When you guys post links into the JIRA, I don't think people outside Alfresco can get access to any of the Check-in messages.

Even when I'm signed into the JIRA, all I can see for CHK-??? links is:

ERROR

It seems that you have tried to perform an operation which you are not permitted to perform.

If you think this message is wrong, please consult your administrators about getting the necessary permissions.

kevinr
Star Contributor
Star Contributor
Sorry about that, yes i forgot the CHK project is internal.

Here is the info:
   
Fixed AR-1713: Transformers that do nothing don't break full text indexing
Fixed MailContentTransformer to write an empty string to the ContentWriter if there is no mail message body.

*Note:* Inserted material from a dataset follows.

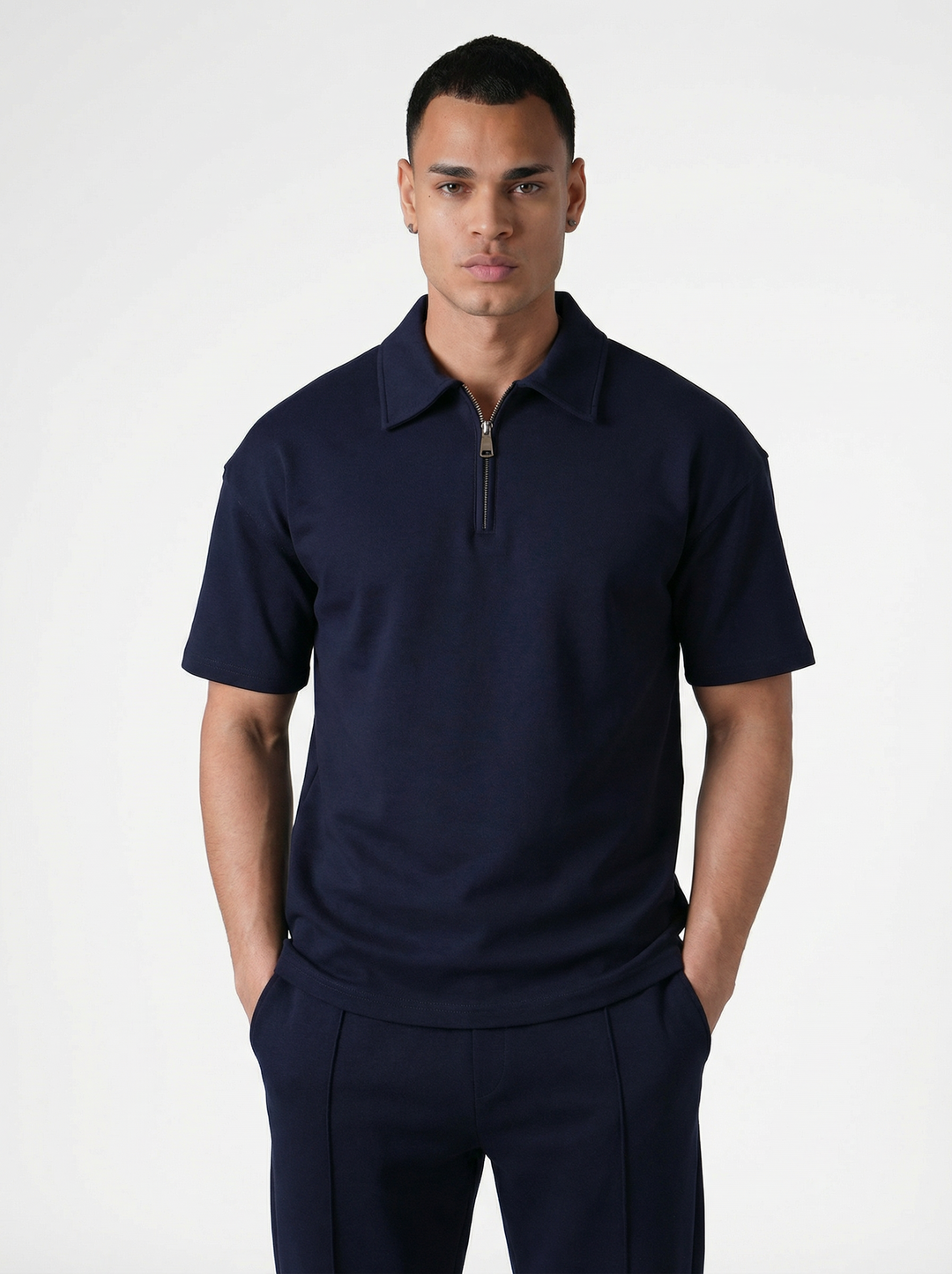 Ensemble Homme Polo Zippé et Pantalon Coupe Moderne - Bleu Marine

r6625 | derekh | 2007-08-29 12:46:20 +0100 (Wed, 29 Aug 2007) | 3 lines
Changed paths:
   M /alfresco/BRANCHES/V2.1/root/projects/repository/source/java/org/alfresco/repo/content/transform/MailContentTransformer.java
   M /alfresco/BRANCHES/V2.1/root/projects/repository/source/java/org/alfresco/repo/search/impl/lucene/ADMLuceneIndexerImpl.java

So it's been fixed on the 2.1E branch - and should have been merged over to HEAD already. So will be in the current 2.9 release or nightly build.

Kevin

savah
Champ in-the-making
Champ in-the-making
Hi Kevin,


Downloaded yesterday's nightly build and the above mentioned bug with the outlook email seems to be fixed.

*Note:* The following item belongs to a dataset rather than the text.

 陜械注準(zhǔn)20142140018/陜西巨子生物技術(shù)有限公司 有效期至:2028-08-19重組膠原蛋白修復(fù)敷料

Discovered some others though such as Alfresco throwing an NullPointer exception when we tried to add a category to content but i guess thats something we can expect from a nightly build.  :wink:


Again thanks a lot for your reply!


Paris Kapsouros

kevinr
Star Contributor
Star Contributor
Glad to hear that fixed it. Feel free to report any new ones you find against 2.9 in JIRA, it's appreciated!

Cheers,

Kevin